Her poetry, which explores interior life, her public privacy, did not arouse suspicion, but publishing with Giấy Vụn was a mark against her. However, it was her master’s thesis exploring the work of the dissident Open Mouth poetry group, and subsequent funding from Arts Network Asia to write more essays about marginalized contemporary artists, that finally brought the wrathful mechanism of the State down upon her. Her thesis and master’s certificate were revoked, she and her thesis advisor were suspended from their teaching posts at the Hà Nội University of Education, and a series of articles in State media (all newspapers are to different degrees controlled by the State) questioned her morality and claimed she “attacked the Party.” As Nhã Thuyên writes, “from the first slandering article in May 2013, to official condemnation of the thesis in March 2014, until now in 2017, my works and communication in the field of literature continue to be impeded or restricted in some way.” In the face of so much loss, dissidents and diasporic writers expected her to finally align fully with them. When instead she seemingly withdrew from the public discourse, some claimed she was being “passive.”

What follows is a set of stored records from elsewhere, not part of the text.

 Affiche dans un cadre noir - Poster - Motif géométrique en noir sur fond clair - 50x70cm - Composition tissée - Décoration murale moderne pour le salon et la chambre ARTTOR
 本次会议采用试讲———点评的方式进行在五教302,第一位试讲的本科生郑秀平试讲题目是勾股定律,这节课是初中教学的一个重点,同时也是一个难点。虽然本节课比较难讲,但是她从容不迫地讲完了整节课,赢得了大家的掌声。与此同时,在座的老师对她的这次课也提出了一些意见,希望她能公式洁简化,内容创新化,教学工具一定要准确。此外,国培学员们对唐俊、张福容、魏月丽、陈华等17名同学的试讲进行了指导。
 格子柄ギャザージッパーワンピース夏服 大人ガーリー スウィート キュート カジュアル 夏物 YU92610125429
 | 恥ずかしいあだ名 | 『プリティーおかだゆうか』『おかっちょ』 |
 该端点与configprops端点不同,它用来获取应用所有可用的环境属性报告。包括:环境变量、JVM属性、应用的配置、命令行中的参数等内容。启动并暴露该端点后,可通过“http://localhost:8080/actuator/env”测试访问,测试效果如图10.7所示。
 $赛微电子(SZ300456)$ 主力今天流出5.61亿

Yet, like Trần Trung Tín and his luminous paintings, Nhã Thuyên continues to propose a different means of living with and in struggle, a means that she defines for herself. She has not chosen abstention. With her translator and friend Kaitlin Rees she founded AJAR, a small bilingual journal and press that created a space for sharing the kind of experimental writing that she would like to see encouraged in Vietnam and across borders. They also organized a poetry festival whose mission “concentrates on translational and transnational issues in various contexts of expression, ranging from the personal, the experimental, the feminine, to the (in)visible.” Nhã Thuyên has continued writing essays, which have been translated and published in Asymptote, Jacket2, Da Mau, Cordite Review, and elsewhere. This work is now collected in un\\martyred, by Roof Books, whose parent foundation Segue published the esteemed experimental poetry journal L=A=N=G=U=A=G=E. She also is currently working on a new collaborative manuscript.

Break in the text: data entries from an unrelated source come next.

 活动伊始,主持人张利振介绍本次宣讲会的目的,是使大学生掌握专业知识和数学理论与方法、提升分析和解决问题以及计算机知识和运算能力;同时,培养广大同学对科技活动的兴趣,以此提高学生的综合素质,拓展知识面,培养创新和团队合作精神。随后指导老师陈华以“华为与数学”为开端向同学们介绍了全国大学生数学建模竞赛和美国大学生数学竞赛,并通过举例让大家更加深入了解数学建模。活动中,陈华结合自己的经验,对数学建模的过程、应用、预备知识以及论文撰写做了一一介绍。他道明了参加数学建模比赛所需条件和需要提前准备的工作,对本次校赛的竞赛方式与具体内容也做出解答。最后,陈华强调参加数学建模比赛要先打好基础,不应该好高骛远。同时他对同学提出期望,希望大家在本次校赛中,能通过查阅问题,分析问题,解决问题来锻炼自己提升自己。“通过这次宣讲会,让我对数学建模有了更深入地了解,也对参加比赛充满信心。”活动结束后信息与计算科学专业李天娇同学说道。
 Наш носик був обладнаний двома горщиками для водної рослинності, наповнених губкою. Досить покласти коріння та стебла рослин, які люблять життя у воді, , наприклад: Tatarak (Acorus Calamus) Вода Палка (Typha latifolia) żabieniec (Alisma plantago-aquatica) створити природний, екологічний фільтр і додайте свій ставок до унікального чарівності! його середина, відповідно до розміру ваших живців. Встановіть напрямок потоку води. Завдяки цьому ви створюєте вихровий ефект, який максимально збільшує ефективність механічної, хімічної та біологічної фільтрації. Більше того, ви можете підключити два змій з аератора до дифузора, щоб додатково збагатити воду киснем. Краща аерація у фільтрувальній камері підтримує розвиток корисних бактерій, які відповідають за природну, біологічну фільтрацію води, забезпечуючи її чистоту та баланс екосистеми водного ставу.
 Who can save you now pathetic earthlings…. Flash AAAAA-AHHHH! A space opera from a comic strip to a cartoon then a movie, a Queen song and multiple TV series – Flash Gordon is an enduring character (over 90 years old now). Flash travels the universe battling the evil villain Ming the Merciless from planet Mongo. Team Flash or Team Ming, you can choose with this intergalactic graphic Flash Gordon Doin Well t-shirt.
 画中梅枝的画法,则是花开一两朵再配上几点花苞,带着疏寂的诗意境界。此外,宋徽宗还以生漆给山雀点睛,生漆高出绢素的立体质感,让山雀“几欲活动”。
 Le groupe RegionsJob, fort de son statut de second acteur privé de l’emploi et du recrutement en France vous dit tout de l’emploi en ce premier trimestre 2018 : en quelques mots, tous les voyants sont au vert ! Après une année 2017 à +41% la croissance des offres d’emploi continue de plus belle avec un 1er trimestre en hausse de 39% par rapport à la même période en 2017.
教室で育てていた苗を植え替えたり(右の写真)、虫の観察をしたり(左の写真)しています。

In short, over the past decade Nhã Thuyên has moved from hoping for the best from other communities to instead trying to create her own. She is still a prickly idealist. As she writes in “Womxn’s Poetry: A Resonance of Voices”:

“And this effort is certainly continuing here, as well as wherever you are reading this from. I hope to revive, erase, and extend questions that have been dug up in Vietnamese literature, push farther, open wider the calls, emancipate literary experiments, and expand every sense of self-location in equality . . . for me, being able to see the possibilities of free individual voices still brings trust and sharing to a place where poets truly possess a private space. Although tiny, that place brims with a powerful permeability and resonance, strong and tender.”